**Assigned task**. Among the entries below, copy only the span from the line containing "Собака темно рыжая" through the line containing "The exterior offers". Do so exactly, and skip the pictures.

**Material for this task**.

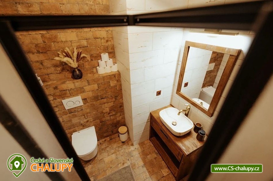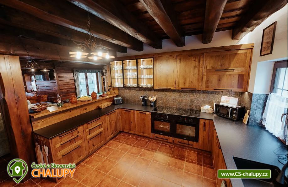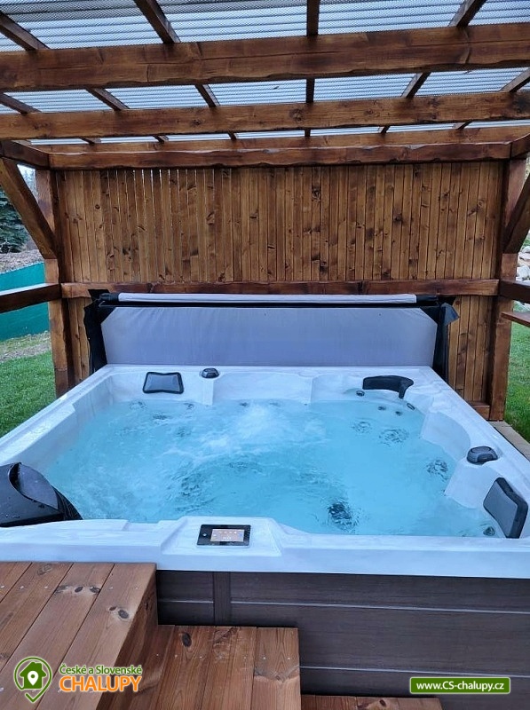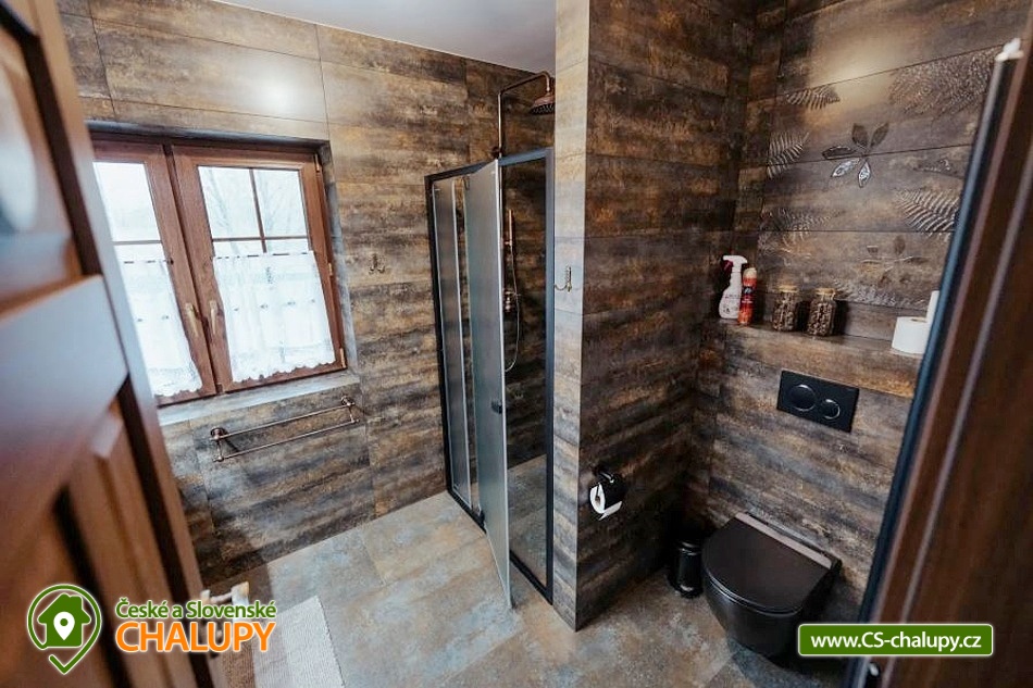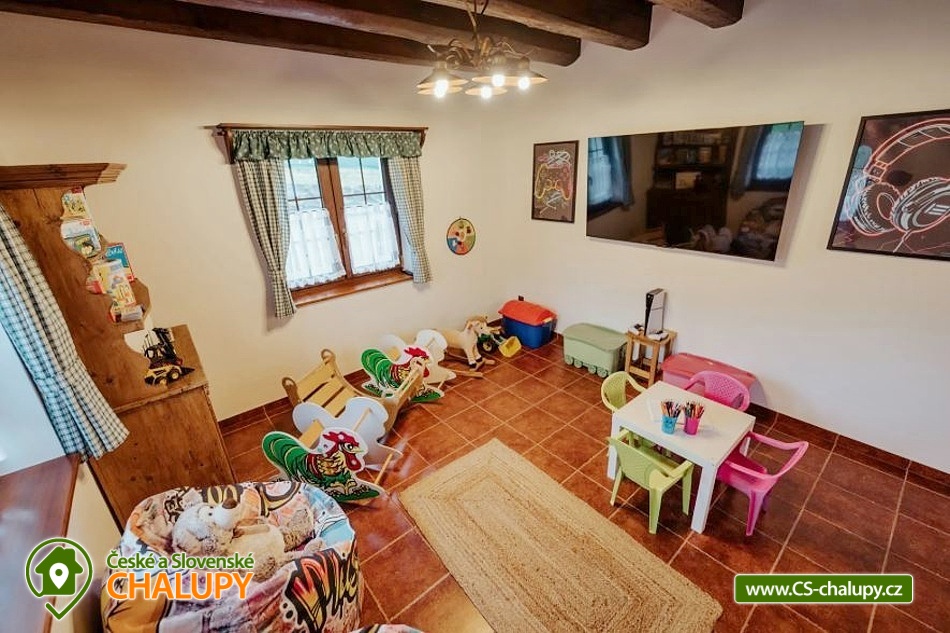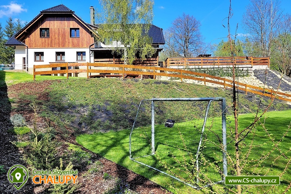 Rodinná wellness chalupa s bazénem se nachází v obci Červený Potok u města Králíky, nedaleko střediska Dolní Morava s adrenalinovými atrakcemi jako je bobová dráha, Dětský park Amálka, Mamutí horská dráha a Stezka v oblacích. V blízkém okolí potěší spousta turistických tras vedoucích krásnou přírodou Orlických hor a okolím majestátního Králického Sněžníku. Stylově zařízená chalupa nabízí ubytování pro 27 osob v devíti ložnicích. Pobyt je ideální také pro teambuildingy a oslavy. Celkem jsou k dispozici čtyři dvoulůžkové ložnice (2x manželská postel a 2x dvě jednolůžka), tři třílůžkové ložnice (3x manželská postel a jednolůžko), dvě čtyřlůžkové ložnice (2x manželská postel a dvě jednolůžka) a dvě přistýlky řešené rozkládací postelí. K zapůjčení jsou dvě dětské postýlky. Všechny ložnice jsou útulné, prakticky vybavené a poskytují dostatek úložného prostoru pro pohodlí hostů. Příjemné chvíle lze trávit ve společenské místnosti s krbovými kamny, sedací soupravou, jídelnou s masivními lavicemi a TV. Pro chvíle zábavy slouží billiard a PartyBox JBL. K dispozici je také výčepní zařízení. Na obývací část navazuje plně vybavená kuchyň (dvě velké lednice, prostorný mrazák, dvě horkovzdušné trouby a indukční varné desky, myčka nádobí, kávovar, rychlovarná konvice, kontaktní gril, výrobník ledu a kompletní sada nádobí). Děti ocení prostorný dětský koutek s televizí, pestrou paletou hraček, stavebnic, sedacích vaků a herní konzolí PlayStation 5. Sociální zařízení zahrnuje celkem čtyři koupelny, jednu v přízemí a tři v patře. Všechny jsou vybaveny sprchovým koutem, WC, umyvadly a fénem. Nechybí jedinečné designové prvky, koupelnová kosmetika, ručníky a osušky. K dispozici je také pračka, žehlička, žehlící prkno a sušák na prádlo. Vytápění je řešeno krbovými kamny, podlahovým topením, elektrickým topením a tepelným čerpadlem. Ke chvílím odpočinku slouží wellness zóna s prostornou vnitřní saunou až pro 12 osob (dřevěný design, tlumené osvětlení), doplněná o aromaterapii a ozvučení pro vlastní hudbu. Po saunování lze relaxovat v komfortní odpočívárně s lehátky. Celoročně je také součástí relaxační zóny venkovní zastřešená vířivka pro 5 osob s hydromasážními tryskami a LED osvětlením, umístěná v zahradě s výhledem. Při zakoupení wellness lze využívat další sprchu a samostatnou toaletu. Zdarma jsou k dispozici prostěradla k saunování. Pro větší bezpečnost a komfort je wellness vybaveno speciálním nerozbitným nádobím s elegantním designem. V celém objektu je k dispozici WIFI připojení na internet. Součástí chalupy je také úschovna pro kola, lyže a snowboardy. Kolem chalupy se rozléhá prostorný oplocený pozemek (3 000 m²) nabízející spoustu možností zábavy pro hosty všech věkových kategorií. Posedět lze na zastřešené terase s venkovním krbem. K dispozici je gril a ohniště. Od jara do podzimu je možné si užívat venkovní vyhřívaný bazén se zastřešením. U bazénu jsou připravená pohodlná lehátka. Děti potěší moderní hřiště s houpačkami, pískovištěm a skluzavkou. Na prostorné travnaté ploše si lze zahrát také fotbal nebo volejbal. U objektu je k dispozici 10 parkovacích míst. Pro ochranu hostů a jejich majetku je celá chalupa zajištěna kamerovým a bezpečnostním systémem. V okolí objektu možnost turistiky, cykloturistiky, koupání, houbaření, lyžování a běžkování. V blízkosti jsou také tenisové kurty a bowling. Mezi možnosti koupání patří např.: Koupaliště Králíky, Hynčice pod Sušinou - rybník Úžas, Koupaliště Mezilesí, Koupaliště Ruda nad Moravou, Štíty - Acrobat Park, Přehrada Pastviny atd. K dispozici jsou blízká lyžařská střediska: Dolní Morava - Větrný vrch, Malá Morava - Vysoká, Šanov, Hynčice - Kraličák a další. K výletům v okolí láká Muzeum celnictví a Vojenské muzeum v obci Králíky, blízké poutní místo Hora Matky Boží Králíky, nejdelší vysutý most pro pěší na světě SKY BRIDGE, Velké Losiny - Termály, zámek a Ruční papírna nebo Pivovarské muzeum Hanušovice. Těšíme se na Vás u nás.
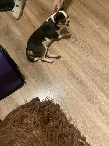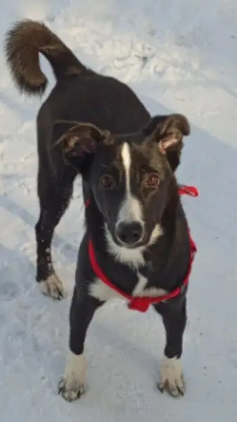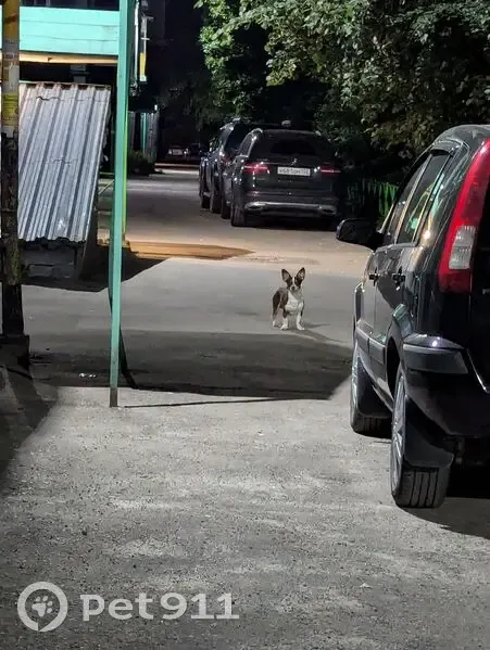 Собака темно рыжая с белыми пятнами (примерно килограмм 7). Беспокойная. Бегал вокруг домов без остановки. Забежал во дворы и остался там бегать. Поймать не смогли двумя семьями. Очень пугливый,в руки не даётся.
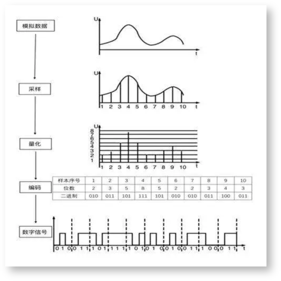 PCM,Pulse-code modulation,脉冲编码调制,代表的是原始音频数据,也就是无损音频数据,未压缩,且未包含额外的封装信息,参考以下音频量化过程,最后生成的二进制数据就是音频PCM编码数据:
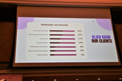 Statistics of clients who sought Telenisa's legal services throughout 2023: housewife (26%), support staff (24%), professional (17%), others (14%), unemployed (8%), self-employed (8%), student (3%).
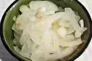3. Лук нарезаем полукольцами. Заливаем маринадом, для которого смешиваем кипячёную холодную воду, сахар, соль и уксус. Всё делаем по вкусу. Смешиваем вареную говядину, огурцы и отжатый от маринада лук. Затем добавляем томатный соус (в классическом рецепте будет томатная паста), растительное масло и приправляем молотым чёрным перцем. Мясной салат по-берлински готов.
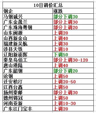 7月10日河南亞新上調10-30:鋼板10厚以上3740,6厚以上3690,特級16厚以上3700,重A10厚以上3610,重B6厚以上3520,中型4厚3370,機生鐵3450,鋼筋壓塊3640,清一色大車前后橋3590,鋼筋切頭3780,沖子、沖豆3760,不含稅。
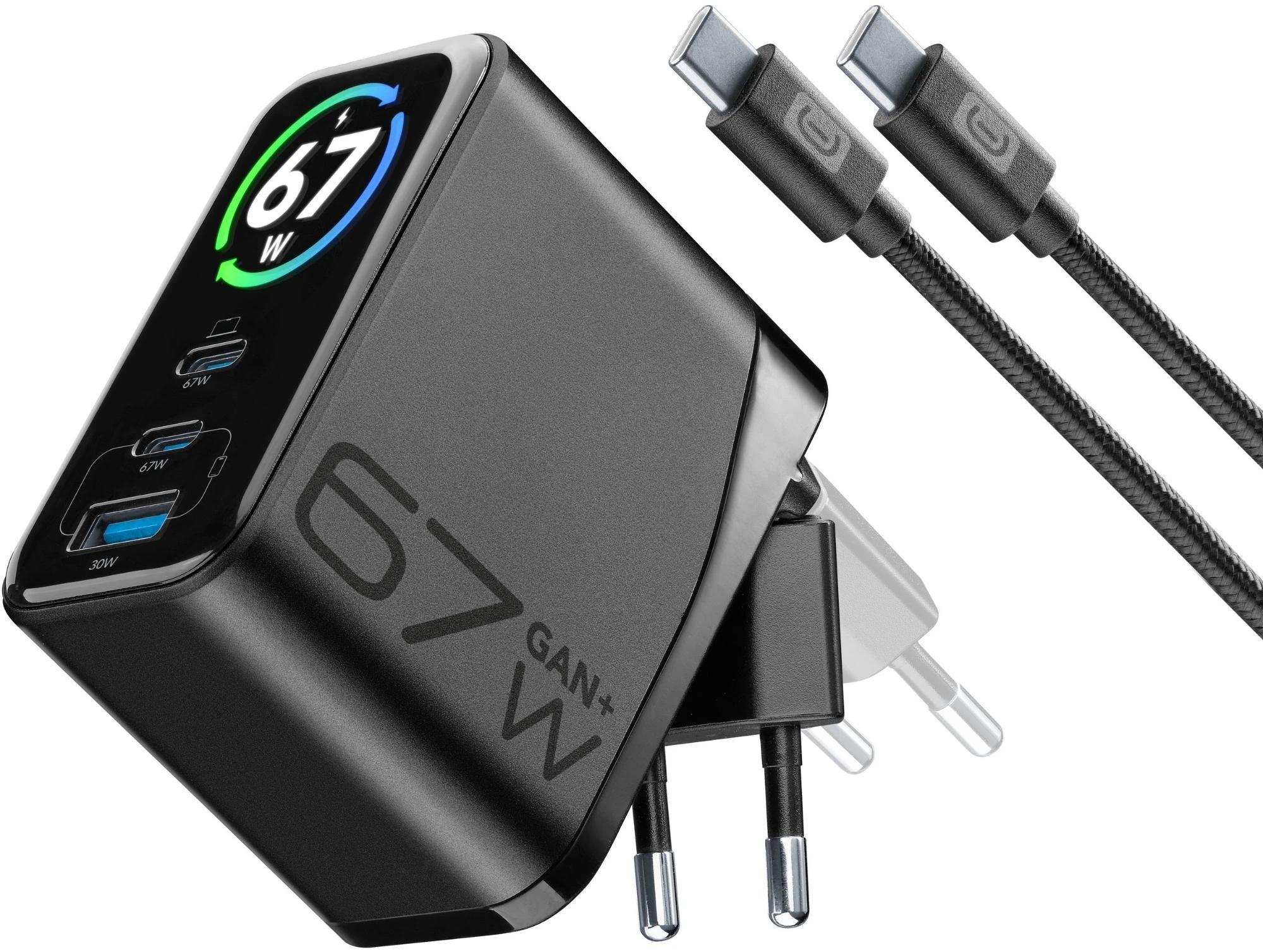 Das PowerView IQ 67W Wandladegerät-Set gehört zur neuen Produktreihe von Cellularline, die für hohe Leistung, volle Kontrolle und maximalen Komfort entwickelt wurde. Das integrierte Smart-TFT-Display ermöglicht die Echtzeitüberwachung der Ladeparameter jedes Anschlusses, einschließlich abgegebener Leistung, Wattzahl und Temperatur, und gewährleistet so Transparenz und Sicherheit während der Nutzung. Ausgestattet mit zwei 67W USB-C-Anschlüssen, einem 30W USB-A-Anschluss und einem 150 cm langen 5A/100W USB-C-Kabel (im Lieferumfang enthalten) ermöglicht es das gleichzeitige Laden mehrerer Geräte. Die GaN+-Technologie sorgt für hohe Leistung in einem kompakten Design, während der klappbare Stecker die Tragbarkeit verbessert und das Ladegerät beim Transport schützt.
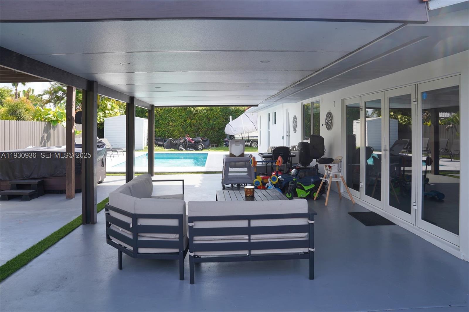 The exterior offers a patio with a new pool (2024), perfect for entertaining, with ideal space for a barbecue and room for a boat or RV. New driveway and barrel tile roof.
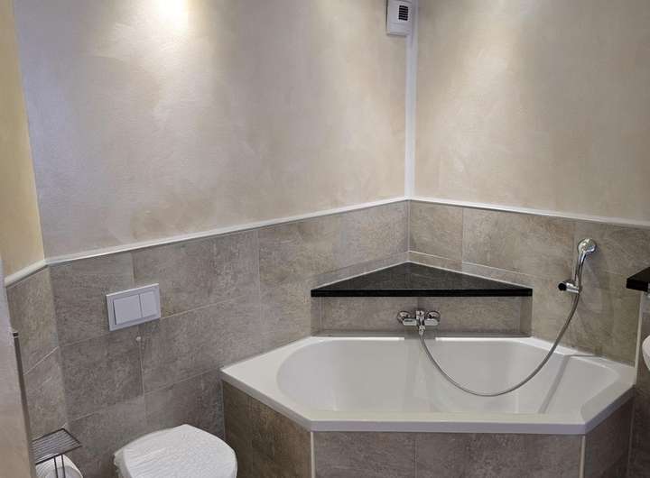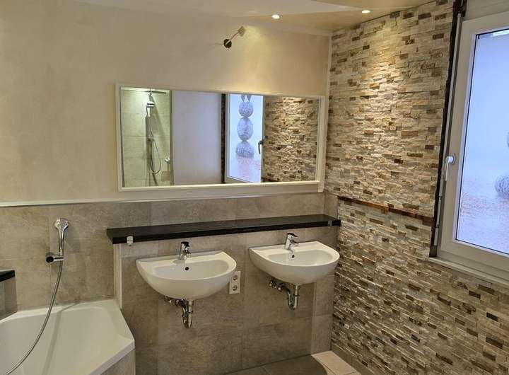 Durch die Treppe gelangen Sie in die 1. Etage. Zur linken Seite ist das Elternschlafzimmer nebst Ankleideraum. Geradeaus finden Sie eine Abstellkammer. Zur rechten Seite kommen Sie in das geschmackvoll und mediterran eingerichtete Bad mit Eckbadewanne, Regendusche, WC und 2 Waschbecken. Auch eine Handtuchheizung ist hier zu finden, sowie den angrenzenden separaten Hauswirtschaftsraum wo Waschmaschine und Trockner bei uns ihren Platz gefunden haben.

**Task result**.
 Собака темно рыжая с белыми пятнами (примерно килограмм 7). Беспокойная. Бегал вокруг домов без остановки. Забежал во дворы и остался там бегать. Поймать не смогли двумя семьями. Очень пугливый,в руки не даётся.
 PCM,Pulse-code modulation,脉冲编码调制,代表的是原始音频数据,也就是无损音频数据,未压缩,且未包含额外的封装信息,参考以下音频量化过程,最后生成的二进制数据就是音频PCM编码数据:
 Statistics of clients who sought Telenisa's legal services throughout 2023: housewife (26%), support staff (24%), professional (17%), others (14%), unemployed (8%), self-employed (8%), student (3%).
3. Лук нарезаем полукольцами. Заливаем маринадом, для которого смешиваем кипячёную холодную воду, сахар, соль и уксус. Всё делаем по вкусу. Смешиваем вареную говядину, огурцы и отжатый от маринада лук. Затем добавляем томатный соус (в классическом рецепте будет томатная паста), растительное масло и приправляем молотым чёрным перцем. Мясной салат по-берлински готов.
 7月10日河南亞新上調10-30:鋼板10厚以上3740,6厚以上3690,特級16厚以上3700,重A10厚以上3610,重B6厚以上3520,中型4厚3370,機生鐵3450,鋼筋壓塊3640,清一色大車前后橋3590,鋼筋切頭3780,沖子、沖豆3760,不含稅。
 Das PowerView IQ 67W Wandladegerät-Set gehört zur neuen Produktreihe von Cellularline, die für hohe Leistung, volle Kontrolle und maximalen Komfort entwickelt wurde. Das integrierte Smart-TFT-Display ermöglicht die Echtzeitüberwachung der Ladeparameter jedes Anschlusses, einschließlich abgegebener Leistung, Wattzahl und Temperatur, und gewährleistet so Transparenz und Sicherheit während der Nutzung. Ausgestattet mit zwei 67W USB-C-Anschlüssen, einem 30W USB-A-Anschluss und einem 150 cm langen 5A/100W USB-C-Kabel (im Lieferumfang enthalten) ermöglicht es das gleichzeitige Laden mehrerer Geräte. Die GaN+-Technologie sorgt für hohe Leistung in einem kompakten Design, während der klappbare Stecker die Tragbarkeit verbessert und das Ladegerät beim Transport schützt.
 The exterior offers a patio with a new pool (2024), perfect for entertaining, with ideal space for a barbecue and room for a boat or RV. New driveway and barrel tile roof.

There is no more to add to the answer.